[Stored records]
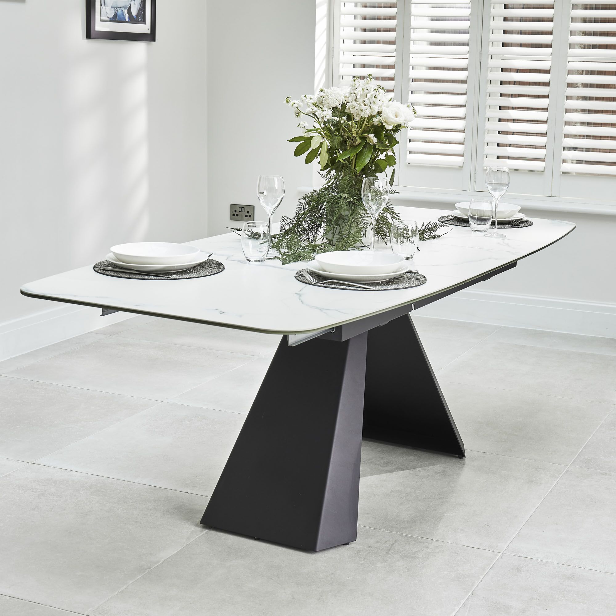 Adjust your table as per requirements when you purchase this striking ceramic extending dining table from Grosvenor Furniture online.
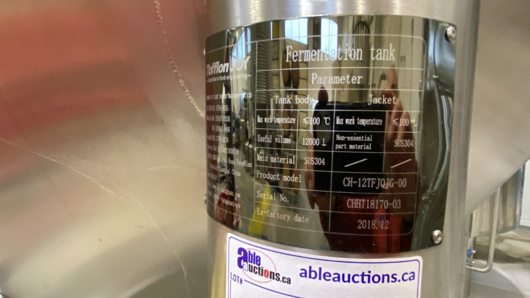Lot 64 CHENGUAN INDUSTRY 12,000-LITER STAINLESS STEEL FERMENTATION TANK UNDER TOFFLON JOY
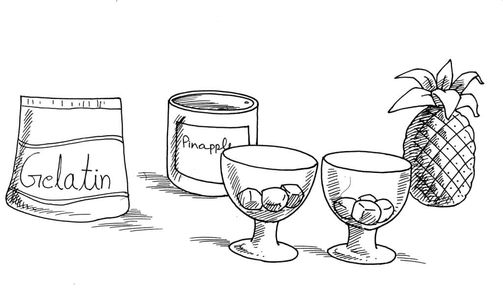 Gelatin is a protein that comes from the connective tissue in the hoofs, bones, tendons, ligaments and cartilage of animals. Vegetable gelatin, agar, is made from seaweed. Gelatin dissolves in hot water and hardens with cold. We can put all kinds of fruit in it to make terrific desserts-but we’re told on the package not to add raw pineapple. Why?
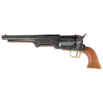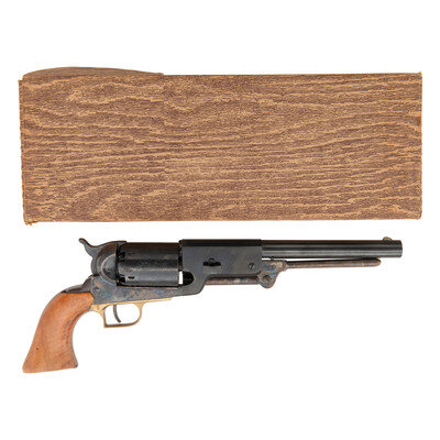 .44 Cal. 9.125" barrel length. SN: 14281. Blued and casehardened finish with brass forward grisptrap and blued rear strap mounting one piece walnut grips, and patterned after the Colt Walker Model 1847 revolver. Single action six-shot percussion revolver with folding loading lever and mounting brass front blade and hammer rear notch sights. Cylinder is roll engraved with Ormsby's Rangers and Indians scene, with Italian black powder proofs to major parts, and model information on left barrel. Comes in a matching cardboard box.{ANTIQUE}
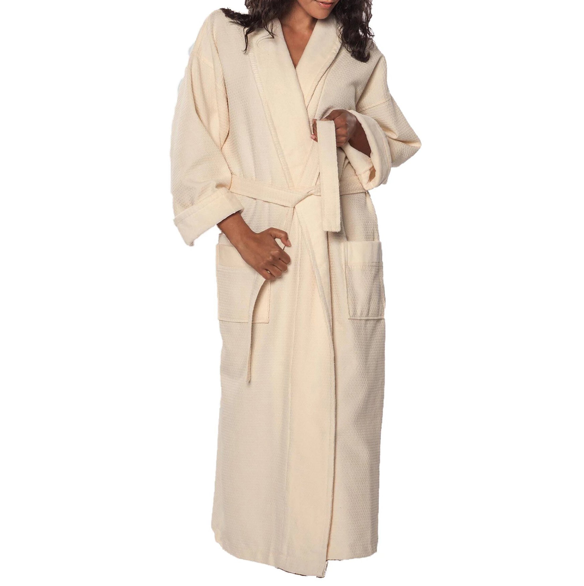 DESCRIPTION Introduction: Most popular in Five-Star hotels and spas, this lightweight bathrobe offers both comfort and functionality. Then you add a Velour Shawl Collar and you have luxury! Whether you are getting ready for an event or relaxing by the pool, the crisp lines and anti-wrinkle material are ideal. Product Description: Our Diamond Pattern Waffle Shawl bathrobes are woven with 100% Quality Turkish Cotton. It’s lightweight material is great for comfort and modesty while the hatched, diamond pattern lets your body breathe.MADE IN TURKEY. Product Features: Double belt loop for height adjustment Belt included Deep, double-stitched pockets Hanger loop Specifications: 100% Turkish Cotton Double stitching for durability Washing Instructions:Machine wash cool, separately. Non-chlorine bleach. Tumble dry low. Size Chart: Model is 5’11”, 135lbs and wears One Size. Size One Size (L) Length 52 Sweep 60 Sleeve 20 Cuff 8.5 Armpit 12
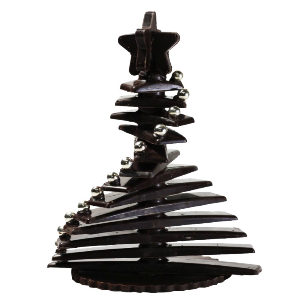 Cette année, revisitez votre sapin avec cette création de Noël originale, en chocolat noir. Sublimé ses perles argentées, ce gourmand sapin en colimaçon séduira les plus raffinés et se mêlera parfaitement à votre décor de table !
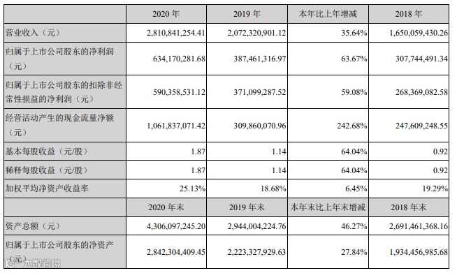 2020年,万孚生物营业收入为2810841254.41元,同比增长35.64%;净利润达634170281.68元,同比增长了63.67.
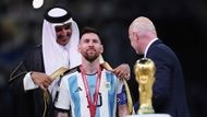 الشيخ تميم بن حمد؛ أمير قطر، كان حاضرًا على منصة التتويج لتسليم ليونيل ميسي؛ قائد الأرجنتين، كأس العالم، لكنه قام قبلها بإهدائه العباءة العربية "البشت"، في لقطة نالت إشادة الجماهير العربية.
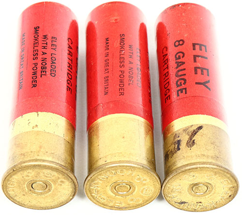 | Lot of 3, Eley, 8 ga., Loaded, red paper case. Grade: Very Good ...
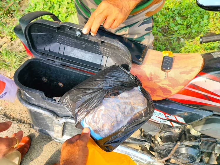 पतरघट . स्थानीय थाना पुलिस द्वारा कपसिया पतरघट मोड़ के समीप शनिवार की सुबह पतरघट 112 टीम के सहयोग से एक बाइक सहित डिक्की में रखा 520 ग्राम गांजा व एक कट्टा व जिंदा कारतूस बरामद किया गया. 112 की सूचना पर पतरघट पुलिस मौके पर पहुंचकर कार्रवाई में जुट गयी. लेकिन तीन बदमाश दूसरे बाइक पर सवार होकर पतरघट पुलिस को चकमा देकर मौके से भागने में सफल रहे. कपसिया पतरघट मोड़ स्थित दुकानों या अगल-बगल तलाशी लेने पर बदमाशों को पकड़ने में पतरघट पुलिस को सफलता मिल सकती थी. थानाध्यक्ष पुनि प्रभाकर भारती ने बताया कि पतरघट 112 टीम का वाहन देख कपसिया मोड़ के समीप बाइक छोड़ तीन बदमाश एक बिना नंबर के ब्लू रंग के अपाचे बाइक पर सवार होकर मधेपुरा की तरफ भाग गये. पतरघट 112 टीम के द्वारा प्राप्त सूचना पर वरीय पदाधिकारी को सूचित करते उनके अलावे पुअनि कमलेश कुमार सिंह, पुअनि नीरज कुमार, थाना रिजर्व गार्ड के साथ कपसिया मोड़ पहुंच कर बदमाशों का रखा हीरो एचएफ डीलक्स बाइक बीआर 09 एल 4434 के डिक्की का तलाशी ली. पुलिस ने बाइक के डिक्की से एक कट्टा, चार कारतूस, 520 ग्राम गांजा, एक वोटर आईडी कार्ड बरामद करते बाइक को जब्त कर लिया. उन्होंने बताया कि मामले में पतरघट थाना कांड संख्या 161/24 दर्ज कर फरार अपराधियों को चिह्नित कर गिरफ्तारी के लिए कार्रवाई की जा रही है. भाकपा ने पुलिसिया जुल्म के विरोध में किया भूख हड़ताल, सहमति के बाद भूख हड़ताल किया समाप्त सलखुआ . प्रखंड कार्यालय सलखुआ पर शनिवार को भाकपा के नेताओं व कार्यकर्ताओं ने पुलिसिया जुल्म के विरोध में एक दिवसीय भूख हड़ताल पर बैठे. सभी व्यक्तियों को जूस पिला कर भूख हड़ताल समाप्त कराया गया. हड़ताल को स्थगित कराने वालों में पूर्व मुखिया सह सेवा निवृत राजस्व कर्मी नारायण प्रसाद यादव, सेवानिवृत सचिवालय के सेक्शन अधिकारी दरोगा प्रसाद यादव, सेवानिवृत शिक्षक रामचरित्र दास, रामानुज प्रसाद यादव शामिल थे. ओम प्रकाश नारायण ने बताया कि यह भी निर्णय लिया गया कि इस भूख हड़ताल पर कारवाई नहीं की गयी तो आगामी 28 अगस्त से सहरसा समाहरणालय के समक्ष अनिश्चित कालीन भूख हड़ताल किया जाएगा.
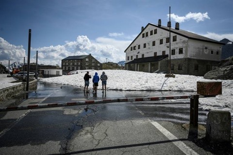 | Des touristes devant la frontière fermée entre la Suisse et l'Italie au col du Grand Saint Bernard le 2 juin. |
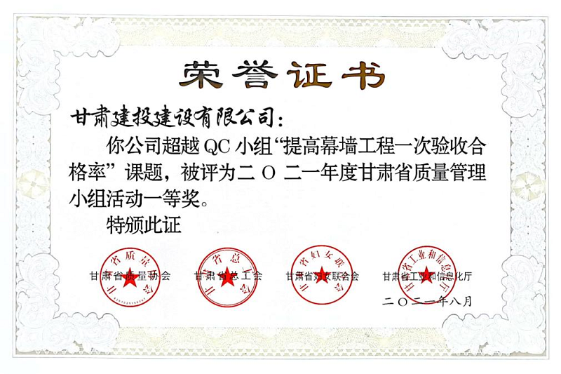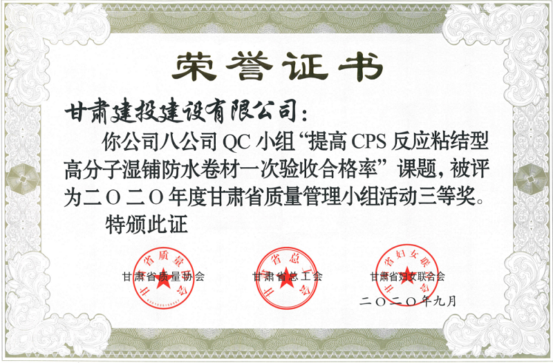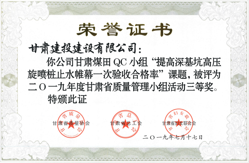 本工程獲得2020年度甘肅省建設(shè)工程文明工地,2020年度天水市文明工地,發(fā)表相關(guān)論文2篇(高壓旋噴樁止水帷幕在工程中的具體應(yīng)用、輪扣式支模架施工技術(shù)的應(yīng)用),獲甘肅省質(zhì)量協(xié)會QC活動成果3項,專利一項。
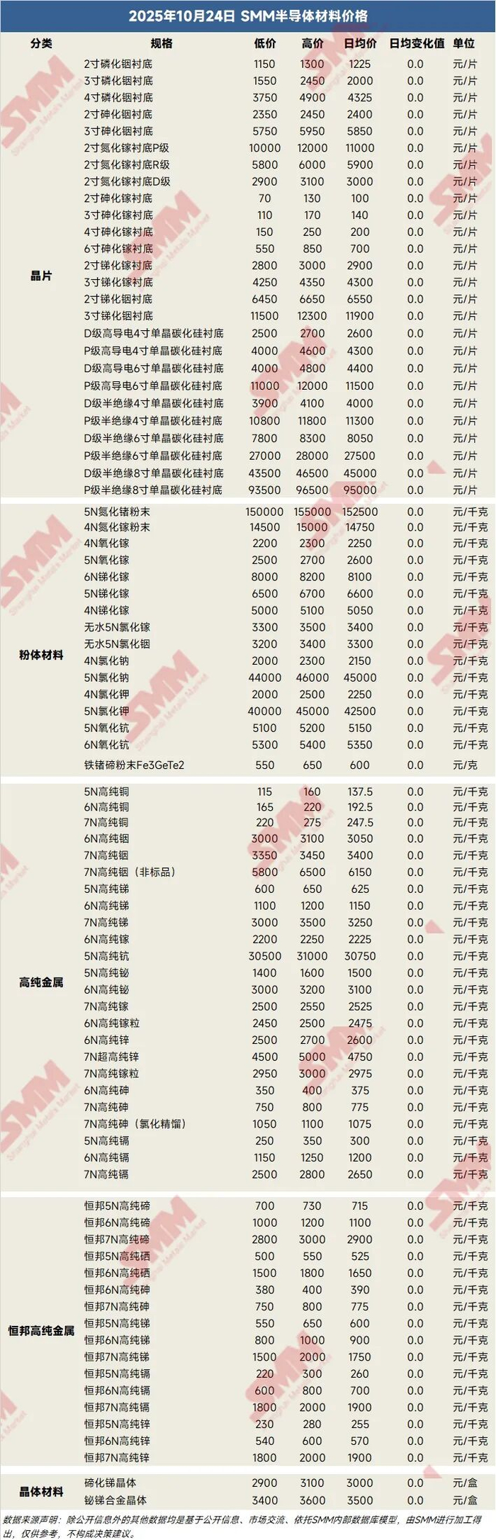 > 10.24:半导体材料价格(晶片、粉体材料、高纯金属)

Try it
Quote every record above exactly, leaving out the pictures.

Written solution
 Adjust your table as per requirements when you purchase this striking ceramic extending dining table from Grosvenor Furniture online.
Lot 64 CHENGUAN INDUSTRY 12,000-LITER STAINLESS STEEL FERMENTATION TANK UNDER TOFFLON JOY
 Gelatin is a protein that comes from the connective tissue in the hoofs, bones, tendons, ligaments and cartilage of animals. Vegetable gelatin, agar, is made from seaweed. Gelatin dissolves in hot water and hardens with cold. We can put all kinds of fruit in it to make terrific desserts-but we’re told on the package not to add raw pineapple. Why?
 .44 Cal. 9.125" barrel length. SN: 14281. Blued and casehardened finish with brass forward grisptrap and blued rear strap mounting one piece walnut grips, and patterned after the Colt Walker Model 1847 revolver. Single action six-shot percussion revolver with folding loading lever and mounting brass front blade and hammer rear notch sights. Cylinder is roll engraved with Ormsby's Rangers and Indians scene, with Italian black powder proofs to major parts, and model information on left barrel. Comes in a matching cardboard box.{ANTIQUE}
 DESCRIPTION Introduction: Most popular in Five-Star hotels and spas, this lightweight bathrobe offers both comfort and functionality. Then you add a Velour Shawl Collar and you have luxury! Whether you are getting ready for an event or relaxing by the pool, the crisp lines and anti-wrinkle material are ideal. Product Description: Our Diamond Pattern Waffle Shawl bathrobes are woven with 100% Quality Turkish Cotton. It’s lightweight material is great for comfort and modesty while the hatched, diamond pattern lets your body breathe.MADE IN TURKEY. Product Features: Double belt loop for height adjustment Belt included Deep, double-stitched pockets Hanger loop Specifications: 100% Turkish Cotton Double stitching for durability Washing Instructions:Machine wash cool, separately. Non-chlorine bleach. Tumble dry low. Size Chart: Model is 5’11”, 135lbs and wears One Size. Size One Size (L) Length 52 Sweep 60 Sleeve 20 Cuff 8.5 Armpit 12
 Cette année, revisitez votre sapin avec cette création de Noël originale, en chocolat noir. Sublimé ses perles argentées, ce gourmand sapin en colimaçon séduira les plus raffinés et se mêlera parfaitement à votre décor de table !
 2020年,万孚生物营业收入为2810841254.41元,同比增长35.64%;净利润达634170281.68元,同比增长了63.67.
 الشيخ تميم بن حمد؛ أمير قطر، كان حاضرًا على منصة التتويج لتسليم ليونيل ميسي؛ قائد الأرجنتين، كأس العالم، لكنه قام قبلها بإهدائه العباءة العربية "البشت"، في لقطة نالت إشادة الجماهير العربية.
 | Lot of 3, Eley, 8 ga., Loaded, red paper case. Grade: Very Good ...
 पतरघट . स्थानीय थाना पुलिस द्वारा कपसिया पतरघट मोड़ के समीप शनिवार की सुबह पतरघट 112 टीम के सहयोग से एक बाइक सहित डिक्की में रखा 520 ग्राम गांजा व एक कट्टा व जिंदा कारतूस बरामद किया गया. 112 की सूचना पर पतरघट पुलिस मौके पर पहुंचकर कार्रवाई में जुट गयी. लेकिन तीन बदमाश दूसरे बाइक पर सवार होकर पतरघट पुलिस को चकमा देकर मौके से भागने में सफल रहे. कपसिया पतरघट मोड़ स्थित दुकानों या अगल-बगल तलाशी लेने पर बदमाशों को पकड़ने में पतरघट पुलिस को सफलता मिल सकती थी. थानाध्यक्ष पुनि प्रभाकर भारती ने बताया कि पतरघट 112 टीम का वाहन देख कपसिया मोड़ के समीप बाइक छोड़ तीन बदमाश एक बिना नंबर के ब्लू रंग के अपाचे बाइक पर सवार होकर मधेपुरा की तरफ भाग गये. पतरघट 112 टीम के द्वारा प्राप्त सूचना पर वरीय पदाधिकारी को सूचित करते उनके अलावे पुअनि कमलेश कुमार सिंह, पुअनि नीरज कुमार, थाना रिजर्व गार्ड के साथ कपसिया मोड़ पहुंच कर बदमाशों का रखा हीरो एचएफ डीलक्स बाइक बीआर 09 एल 4434 के डिक्की का तलाशी ली. पुलिस ने बाइक के डिक्की से एक कट्टा, चार कारतूस, 520 ग्राम गांजा, एक वोटर आईडी कार्ड बरामद करते बाइक को जब्त कर लिया. उन्होंने बताया कि मामले में पतरघट थाना कांड संख्या 161/24 दर्ज कर फरार अपराधियों को चिह्नित कर गिरफ्तारी के लिए कार्रवाई की जा रही है. भाकपा ने पुलिसिया जुल्म के विरोध में किया भूख हड़ताल, सहमति के बाद भूख हड़ताल किया समाप्त सलखुआ . प्रखंड कार्यालय सलखुआ पर शनिवार को भाकपा के नेताओं व कार्यकर्ताओं ने पुलिसिया जुल्म के विरोध में एक दिवसीय भूख हड़ताल पर बैठे. सभी व्यक्तियों को जूस पिला कर भूख हड़ताल समाप्त कराया गया. हड़ताल को स्थगित कराने वालों में पूर्व मुखिया सह सेवा निवृत राजस्व कर्मी नारायण प्रसाद यादव, सेवानिवृत सचिवालय के सेक्शन अधिकारी दरोगा प्रसाद यादव, सेवानिवृत शिक्षक रामचरित्र दास, रामानुज प्रसाद यादव शामिल थे. ओम प्रकाश नारायण ने बताया कि यह भी निर्णय लिया गया कि इस भूख हड़ताल पर कारवाई नहीं की गयी तो आगामी 28 अगस्त से सहरसा समाहरणालय के समक्ष अनिश्चित कालीन भूख हड़ताल किया जाएगा.
 | Des touristes devant la frontière fermée entre la Suisse et l'Italie au col du Grand Saint Bernard le 2 juin. |
 本工程獲得2020年度甘肅省建設(shè)工程文明工地,2020年度天水市文明工地,發(fā)表相關(guān)論文2篇(高壓旋噴樁止水帷幕在工程中的具體應(yīng)用、輪扣式支模架施工技術(shù)的應(yīng)用),獲甘肅省質(zhì)量協(xié)會QC活動成果3項,專利一項。
 > 10.24:半导体材料价格(晶片、粉体材料、高纯金属)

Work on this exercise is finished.